The Price-to-Book (P/B) ratio stands around 2.5x.
While the low P/E might suggest the stock is undervalued, investors should note that micro-cap stocks in the commodity trading sector often trade at a discount due to earnings inconsistency and lower liquidity.
How has the HEMANG stock price performed over the last three months and one year? Has it outperformed its peers?
Over the past year, Hemang Resources has delivered a return of approximately 15% to 20%, which trailed the broader Nifty Smallcap 100 index during the same period.
In the last three months, the stock has experienced consolidation, trading in a range-bound manner. Compared to peers like Ashapura Minechem, which saw higher volatility and growth, HEMANG has been a more conservative performer in the trading segment.
Are there any recent positive or negative news developments in the industry affecting HEMANG?
Positive: The Indian government's continued push for thermal power generation to meet peak summer demands has kept the demand for imported coal steady.
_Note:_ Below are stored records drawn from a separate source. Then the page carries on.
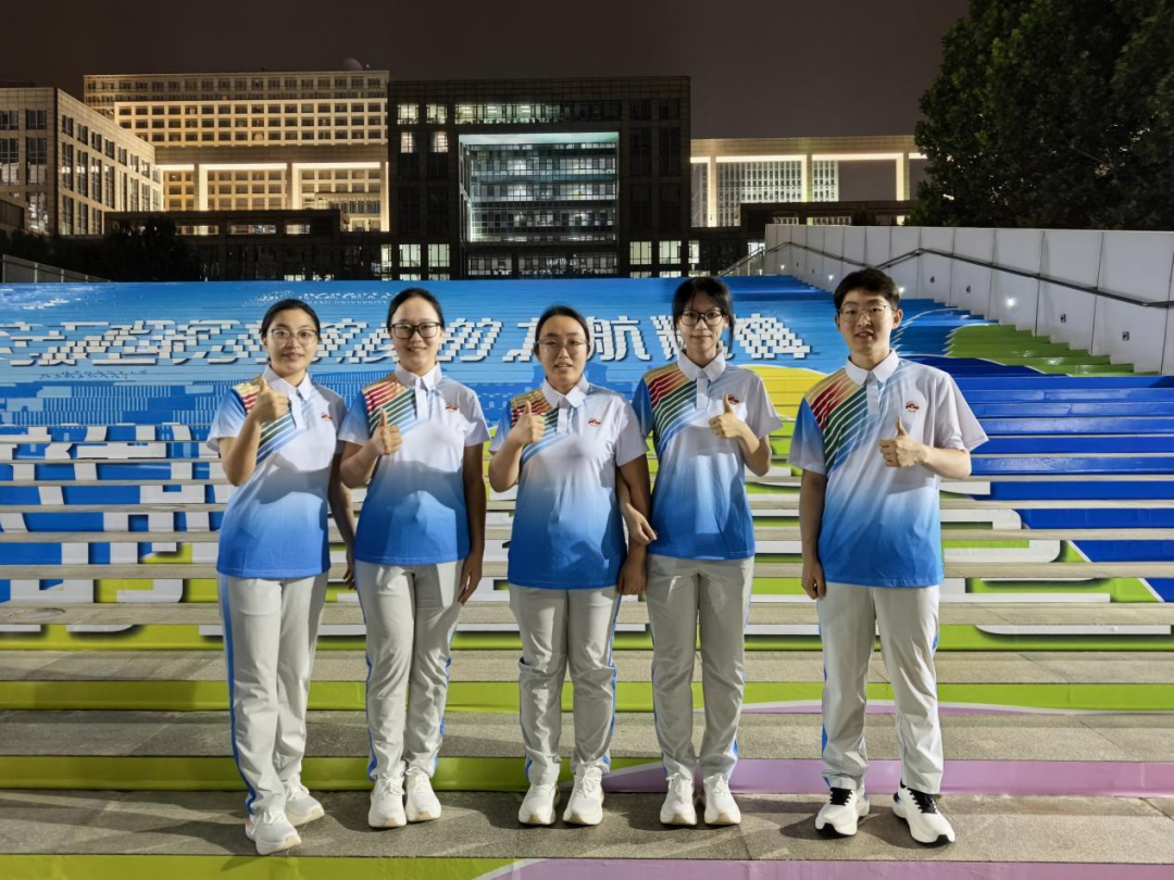 陈闻园、吴雨萱、赵然、秦瑜航4位志愿者参与此次观礼台志愿者的任务,在演练过程中即使顶着大雨也坚守岗位、优异完成任务,体现北航人、中法人坚韧不拔勇于担当的青春力量。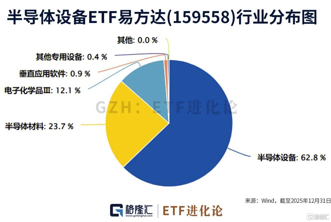 半导体设备ETF易方达(159558)跟踪的半导体材料设备开年三个交易日飙涨18.13%,成为最猛的ETF指数!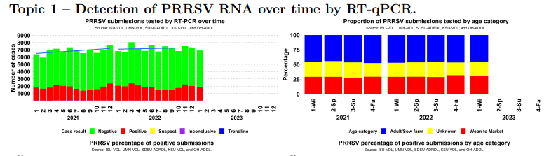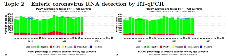 Depuis 2 semaines, je lis que les maladies (SRRP, DEP, etc) font un retour en force aux Etats-Unis. J’ai pris quelques instants pour lire le rapport mensuel du Swine Health Information Center (https://www.swinehealth.org/domestic-disease-surveillance-reports/) Ce qu’on y découvre est évidemment plus nuancé que nos commentateurs (cheerleaders) favoris! Il existe une petite tendance haussière, mais elle est très minime. Par contre, ce qu’il faut lire c’est la petite note attachée au bas de la page provenant des experts en épidémiologie.
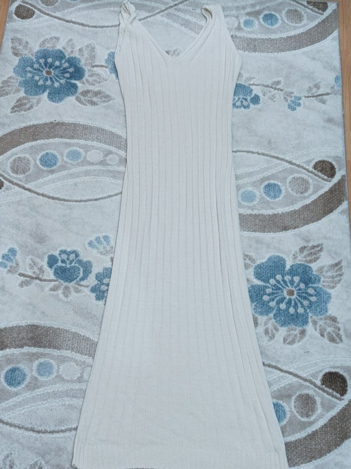 V yakalı ve kolsuz tasarıma sahip, beyaz renkli triko uzun elbise. Yumuşak sentetik kumaştan, bohem ve rahat bir stil sunar.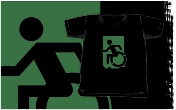 Accessible Exit Sign Project Wheelchair Wheelie Running Man Symbol Means of Egress Icon Disability Emergency Evacuation Fire Safety Kids T-shirts 127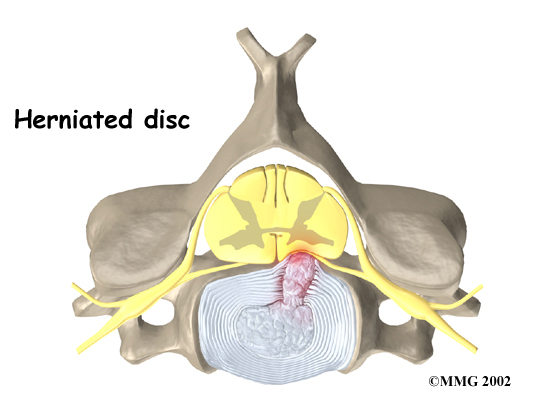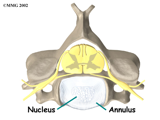 An intervertebral disc fits between each vertebral body and provides a space between the spine bones. The disc works like a shock absorber. It protects the spine against the daily pull of gravity. It also protects the spine during activities that put strong force on the spine, such as jumping, running, and lifting.

Negative: Global shifts toward renewable energy and stricter environmental regulations on coal usage pose a long-term structural risk to the company’s core trading business. Additionally, fluctuations in the USD/INR exchange rate directly impact the margins of their import-heavy business model.
Have any major institutions recently bought or sold HEMANG shares?
Hemang Resources is a micro-cap company with a market capitalization typically below ₹100 crore. Consequently, there is minimal institutional holding (FII/DII).
The shareholding pattern is dominated by Promoters (approx. 55-60%) and the Public. Recent filings show no significant entry by major mutual funds or foreign institutional investors, which is common for stocks of this size. Investors should monitor "Bulk Deal" data on the BSE for any sudden movements by high-net-worth individuals (HNIs).